INPUT FOR THIS TASK
━━━━━━━━

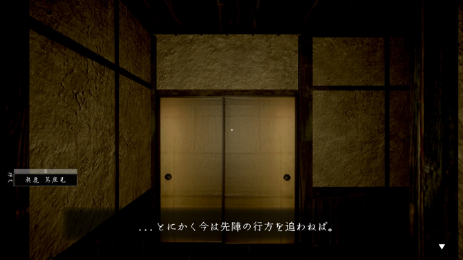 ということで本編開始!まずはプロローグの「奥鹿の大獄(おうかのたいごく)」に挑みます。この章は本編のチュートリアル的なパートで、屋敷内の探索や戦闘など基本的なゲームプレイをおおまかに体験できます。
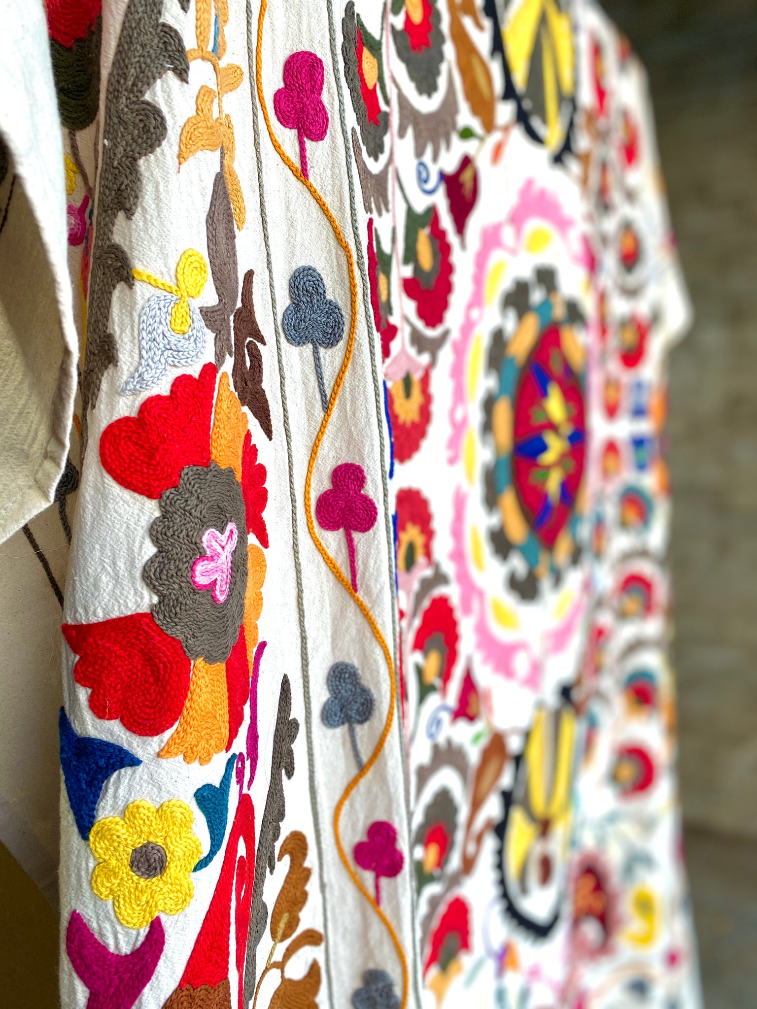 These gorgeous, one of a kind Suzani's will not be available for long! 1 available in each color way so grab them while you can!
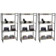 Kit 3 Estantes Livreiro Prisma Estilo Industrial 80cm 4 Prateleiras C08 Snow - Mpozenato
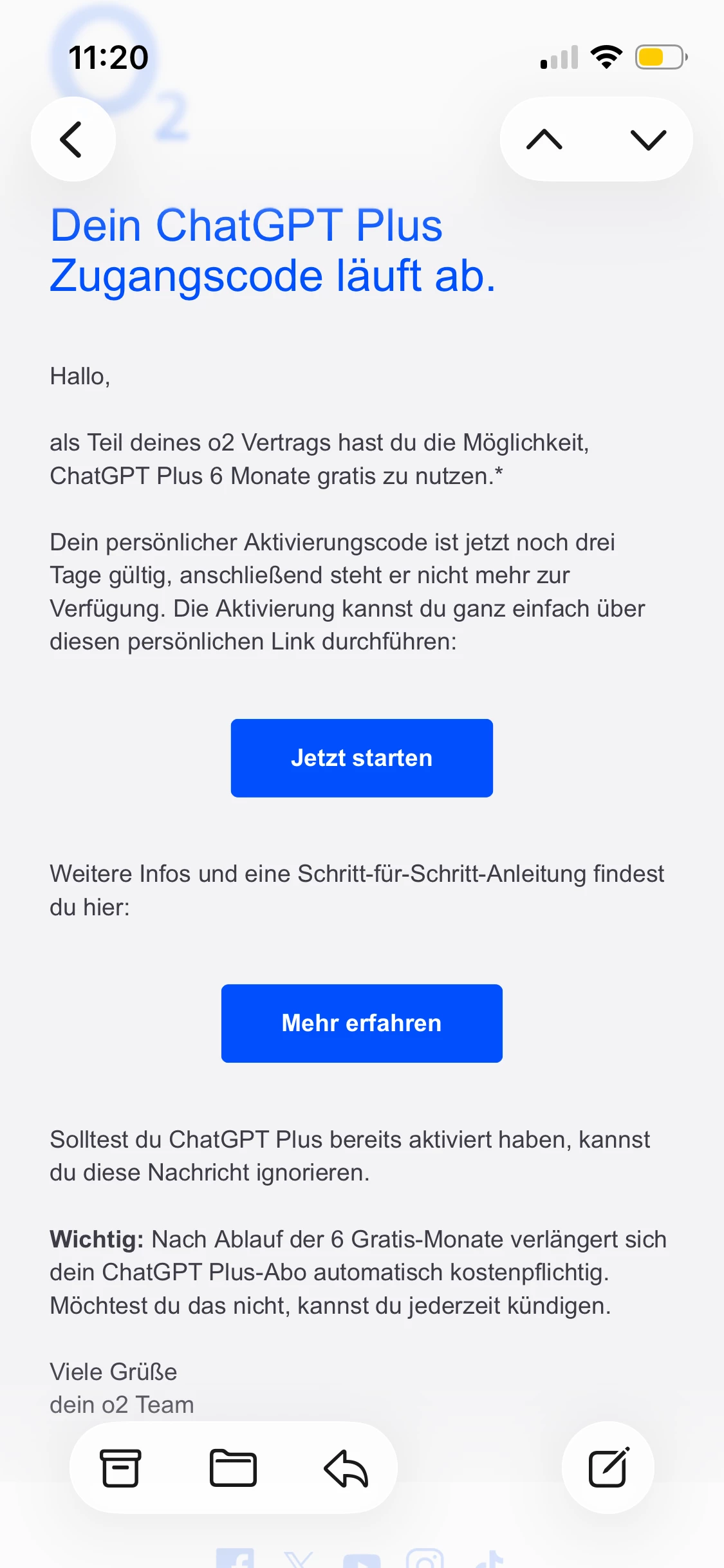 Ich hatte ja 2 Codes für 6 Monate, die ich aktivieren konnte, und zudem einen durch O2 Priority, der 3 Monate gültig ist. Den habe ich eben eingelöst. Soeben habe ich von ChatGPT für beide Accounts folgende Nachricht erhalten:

━━━━━━━━

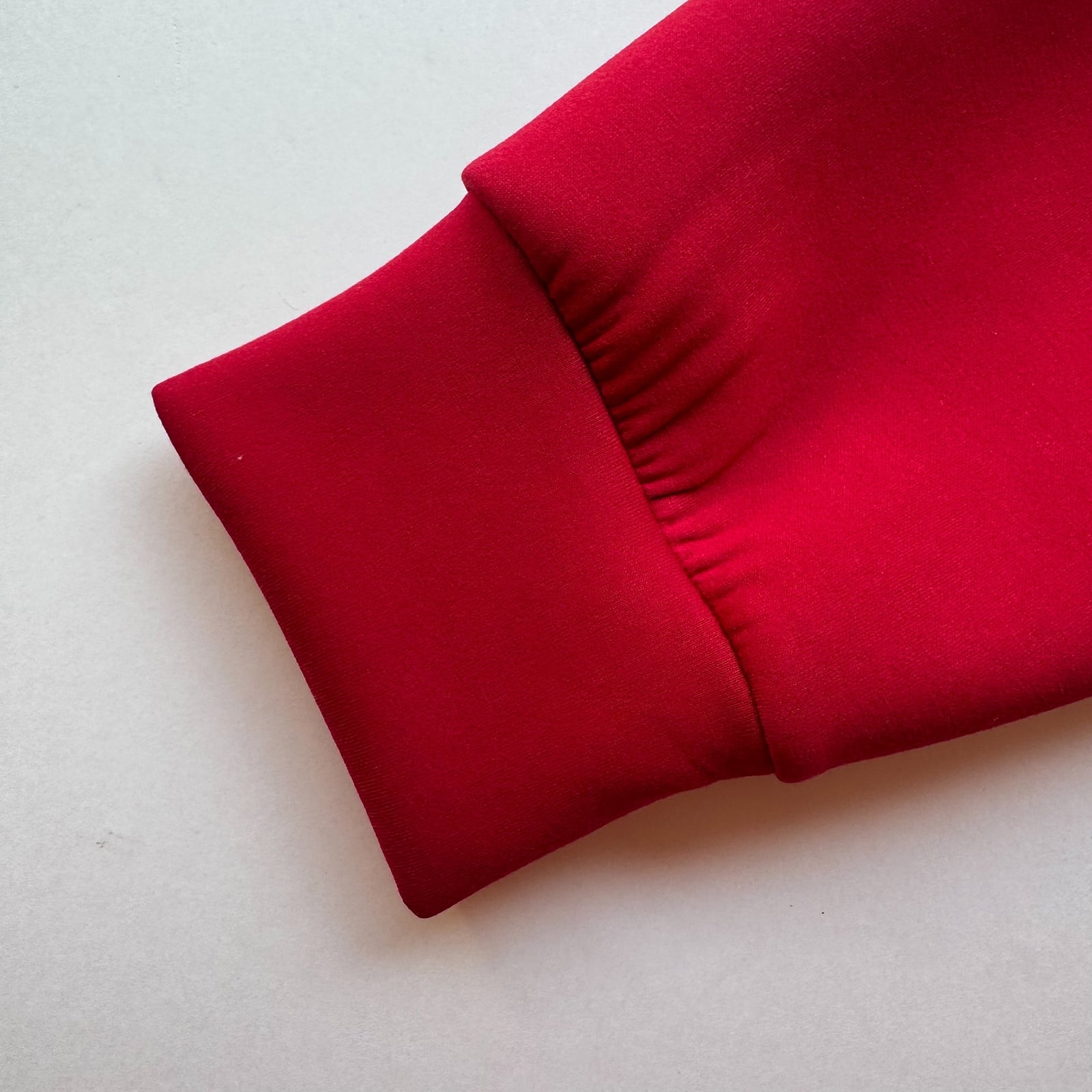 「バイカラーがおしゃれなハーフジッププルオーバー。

━━━━━━━━

WORK TASK
Copy the entries above exactly, but only the stretch from the line containing "ということで本編開始!まずは" through the line containing "These gorgeous, one". Keep both end lines; drop the pictures.

EXERCISE RESULT
 ということで本編開始!まずはプロローグの「奥鹿の大獄(おうかのたいごく)」に挑みます。この章は本編のチュートリアル的なパートで、屋敷内の探索や戦闘など基本的なゲームプレイをおおまかに体験できます。
 These gorgeous, one of a kind Suzani's will not be available for long! 1 available in each color way so grab them while you can!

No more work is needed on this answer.